對於輸入文件為添加了索引的Lzo壓縮文件，如若不在代碼中指定 job.setInputFormatClass(LzoTextInputFormat.class); 則Mapreduce程序將會把索引文件.index也當作是數據文件！LzoTextInputFormat類需要引入相應的(hadoop-lzo-0.4.13.jar)包，如果你是使用Maven管理依賴，則需要在pom.xml文件中添加以下屬性。

<dependency> 
    <groupId>com.hadoop.gplcompression</groupId> 
    <artifactId>hadoop-lzo</artifactId> 
    <version>0.4.19</version> 
</dependency>

在Streaming程序中使用lzo壓縮

把InputFormat設置為DeprecatedLzoTextInputFormat，還要設置參數 stream.map.input.ignoreKey=true。這樣map的key值(key值是行在文件中的偏移量，value值是每行的文本)就不會傳入reduce程序中，這個key值我們是不需要的。

hadoop jar 
/opt/mapr/hadoop/hadoop-0.20.2/contrib/streaming/hadoop-0.20.2-dev-streaming.jar 
-file /home/pyshell/map.py 
-file /home/pyshell/red.py  
-mapper /home/pyshell/map.py 
-reducer /home/pyshell/red.py 
-input /aojianlog/20120304/gold/gold_38_3.csv.lzo 
-output /aojianresult/gold38 
-inputformat com.hadoop.mapred.DeprecatedLzoTextInputFormat    //沒有此選項,map作業也不會分片
-jobconf mapred.output.compress=true    //指定reduce輸出壓縮
-jobconf mapred.output.compression.codec=com.hadoop.compression.lzo.LzopCodec    //沒有此選項,reduce作業輸出文件的格式為.lzo_deflate

在hive中使用lzo壓縮

hadoop集群啟用了Lzo壓縮，就需要在Hive建表的時候指定壓縮時所使用的編解碼器，否則Hive無法正確讀取數據。

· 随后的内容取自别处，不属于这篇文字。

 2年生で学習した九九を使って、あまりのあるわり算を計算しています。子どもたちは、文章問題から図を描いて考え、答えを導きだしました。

　1).Gzip和Bzip2由於是hadoop默認支持的，所以無需指定特殊的編解碼器，只要指定Text類型即可。

create table lzo( 
id int, 
name string) 
ROW FORMAT DELIMITED FIELDS TERMINATED BY '\t' 
STORED AS TEXTFILE;

　2).LZO是外掛的第三方庫，所以要指定輸入和輸出的編解碼器。

create table lzo( 
id int, 
name string) 
ROW FORMAT DELIMITED FIELDS TERMINATED BY '\t' 
STORED AS INPUTFORMAT 'com.hadoop.mapred.DeprecatedLzoTextInputFormat'
OUTPUTFORMAT 'org.apache.hadoop.hive.ql.io.HiveIgnoreKeyTextOutputFormat';

　3).對於Hive表的數據文件，用lzop在本地壓縮好了，直接上傳到hdfs上就可以了。

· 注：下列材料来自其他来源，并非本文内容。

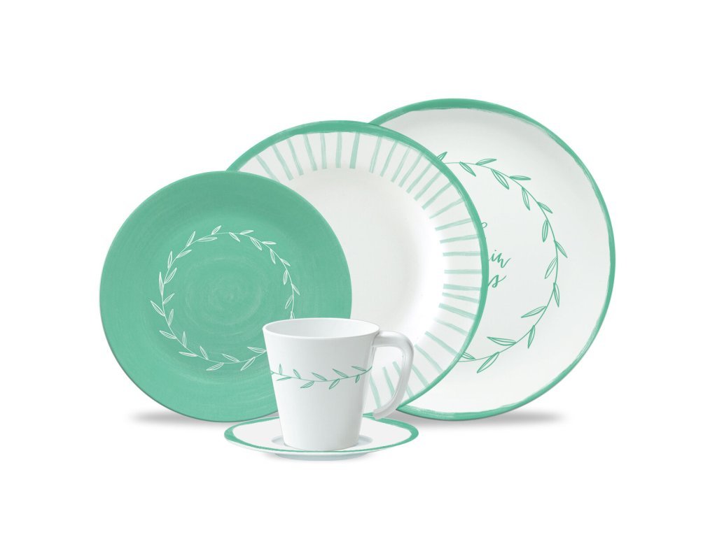 Trendy sada riadu pre štyri osoby je vyrobená z melamínu, ktorý je obzvlášť odolný proti nárazom.

[root@ncst test]# lzop -v lzo 
compressing lzo into lzo.lzo

hive> load data local inpath '/root/test/lzo.lzo'
    > overwrite into table lzo;

hive> select * from lzo;
OK
      Tie
      Coat
      Hat
      Scarf
Time taken: 0.218 seconds, Fetched: 4 row(s)

　4).對於已經存在的表修改為Lzo

　　alter table后對已經load進表中的數據，需要重新load和創建索引，要不還是不能分塊。

ALTER TABLE things
    SET FILEFORMAT
        INPUTFORMAT "com.hadoop.mapred.DeprecatedLzoTextInputFormat"
        OUTPUTFORMAT "org.apache.hadoop.hive.ql.io.HiveIgnoreKeyTextOutputFormat";

　5).在做數據清洗的時候，假如源日志是lzo壓縮的，輸出的時候也希望使用lzo壓縮。則在數據清洗的腳本中對hadoop的jobconf做一個指定。這樣就可以做到，輸入是lzo，輸出也可以lzo。或者輸入是text，輸出是lzo。

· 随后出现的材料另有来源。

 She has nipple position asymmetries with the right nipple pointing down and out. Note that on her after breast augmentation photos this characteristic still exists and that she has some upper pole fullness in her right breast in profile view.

-inputformat com.hadoop.mapred.DeprecatedLzoTextInputFormat 
-jobconf mapreduce.output.compress=true 
-jobconf mapreduce.output.compression.codec=com.hadoop.compression.lzo.LzopCodec

免責聲明！

本站轉載的文章為個人學習借鑒使用，本站對版權不負任何法律責任。如果侵犯了您的隱私權益，請聯系本站郵箱yoyou2525@163.com刪除。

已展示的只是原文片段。